Michael Desmond, founding editor of Redmond Developer News and Desmond File blogger, is on vacation. Filling in for him today is Kathleen Richards, senior editor of RDN. You can reach her at [email protected].

Microsoft isn't the only company that's trying to get students on board early. In early February, Borland's developer tools subsidiary CodeGear announced a sizable licensing agreement for the Eastern bloc. The company joins Corel and other as yet unannounced vendors in a deal with the Russian Federal Agency of Education to provide technology and other resources to teach programming in primary and secondary schools.

"It's a forward-looking investment by a government looking to build the next generation of technologists in the country," said Jim Douglas, chief executive officer of CodeGear, who has just returned from a trip to Moscow and St. Petersburg where his company has a development office. The Russian education program is targeted at students between the ages of 7 to 17 years old.
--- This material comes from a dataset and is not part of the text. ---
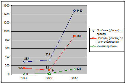 Рисунок 5 - Динамика изменения показателей прибыли ООО «СГ-Консалт» за 2003-2005 гг. Прибыль от реализации продукции и услуг увеличилась в 2004 году на 46 тыс. руб., в 2005 году – на 1151 тыс. руб. и составила 1482 тыс. руб. Увеличение объема реализации продукции и услуг организации произошло за счет увеличения цен, повышенного спроса на оказываемые консалтинговые услуги. Прибыль до налогообложения организации снизилась в 2004 году на 44 тыс. руб. и составила 92 тыс. руб., в 2005 году она увеличилась на 796 тыс. руб. и составила 888 тыс. руб. Чистая прибыль организации в 2004 году составила 14 тыс. руб., в 2005 году – 121 тыс. руб., что на 107 тыс. руб. больше уровня предыдущего года. Рост величины чистой прибыли предприятия в 2005 году объясняется высокими результатами деятельности организации, увеличением выручки и снижением соответствующей себестоимости. Также велики размеры поступивших операционных и внереализационных доходов организации. Система показателей финансовых результатов включает в себя не только абсолютные, но и относительные показатели эффективности хозяйствования. К ним относятся показатели рентабельности. Показатели рентабельности характеризуют эффективность работы предприятия в целом, доходность различных направлений деятельности. Они более полно, чем прибыль, характеризуют окончательные результаты хозяйствования, потому что их величина показывает соотношение эффекта с наличными или использованными ресурсами. Проведем анализ рентабельности предприятия в табл.3. Таблица 3 Анализ показателей рентабельности деятельности ООО «СГ-Консалт»
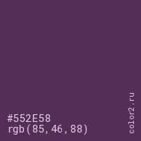 Цвет #552E58 в цветовой модели RGB обозначается тремя октетами (85, 46, 88) в десятичном формате и #552E58 в шестнадцатиричном (hex) формате, которые являются интенсивностью красного 85 (hex 55), интенсивность зелёного 46 (hex 2E) и интенсивность синего 88 (hex 58).

The up to 1 million-seat licensing agreement involves Borland's flagship rapid-application development environments: the Windows-based Delphi, Delphi for .NET and C++ Builder. "It's a combination of some older versions and newer versions. They are also using some Pascal products," Douglas said.

Forrester Research senior analyst Jeffrey Hammond views CodeGear's recent announcement in the same light as any large enterprise agreement. "It's a good first step," he said, "but to capitalize on it Borland (or an integration partner) and the Russian education system needs to have an aggressive roll-out plan to make sure the copies actually get into the hands of the target users and put into active use.

"It will take some time to do that, and only after that effort will we be able to really judge the impact of the deal," Hammond added.

Right now, CodeGear doesn't have similar agreements in place with any other educational systems. "Education is a significant part of our story around these technologies," Douglas said. "It is something that I am personally trying to re-inject into our company, into our culture and into our focus. But we are certainly not on the doorstep of doing anything this major anywhere else."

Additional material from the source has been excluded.